Anastellin (AN), a fragment of the first type III module in fibronectin (FN), initiates formation of superfibronectin, a polymer which resembles the native cell-derived fibrillar FN found in the extracellular matrix of many tissues, but which displays remarkably different functional properties. Here we demonstrate that exposure of AN to the biologically-important inflammatory oxidant, peroxynitrous acid (ONOOH), either as a bolus or formed at low levels in a time-dependent manner from SIN-1, impairs the capability of AN to polymerize FN. In contrast, exposure of FN to ONOOH does not seem to affect superfibronectin formation to the same extent. This oxidant-induced loss-of-function in AN occurs in a dose-dependent manner, and correlates with structural perturbations, loss of the amino acid tyrosine and tryptophan, and dose-dependent formation of modified amino acid side-chains (3-nitrotyrosine, di-tyrosine and 6-nitrotryptophan).

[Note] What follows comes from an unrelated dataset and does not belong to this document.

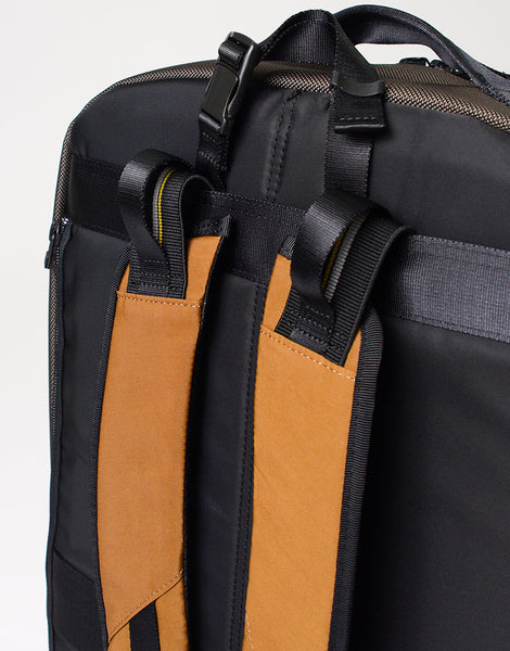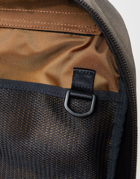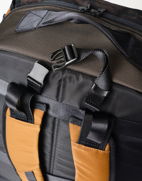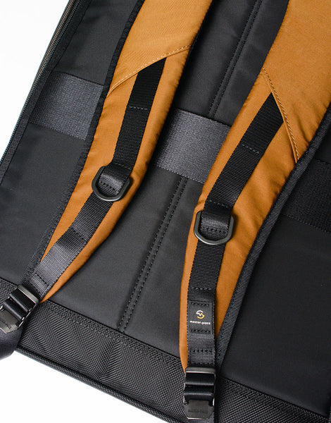 主体材料是垂直线110D,水平螺纹210D,轻巧但全眼尼龙斜纹。它通过染色液体(也称为Jet染色)来表达自然的皱纹和平静的光泽,这是一种染色的染料的方法。染色后,织物的表面是弱的水。此外,使用手动手动执行的称为篮子染色的方法将类似于主体材料的织物用作附着的材料。篮子染色是一种独特的染色方法,其中将折叠的织物夹在网状板之间,并用不均匀的染色和皱纹将其随机染色,每个织物都具有不同的表达。 主存储的材料是1680D CorduraBallistic®尼龙,其约为尼龙的5倍,耐用性约5倍,而后部的PU处理则是改进的材料。 No.02850 / No.02851肩带安全带配备了一种原始机制,称为“ M-STRAP”(注册为实际建议),以减轻行李的重量。

Reagent ONOOH also induces formation of oligomeric species which decrease in the presence of bicarbonate, whereas SIN-1 mainly generates dimers. Modifications were detected at sub-stoichiometric (0.1-fold), or greater, molar excesses of oxidant compared to AN. These species have been localized to specific sites by peptide mass mapping. With high levels of oxidant (>100 times molar excess), ONOOH also induces unfolding of the beta-sheet structure of AN, thermal destabilization, and formation of high molecular mass aggregates. These results have important implications for the understanding of FN fibrillogenesis
in vivo
, and indicates that AN is highly sensitive to pathophysiological levels of oxidants such as ONOOH.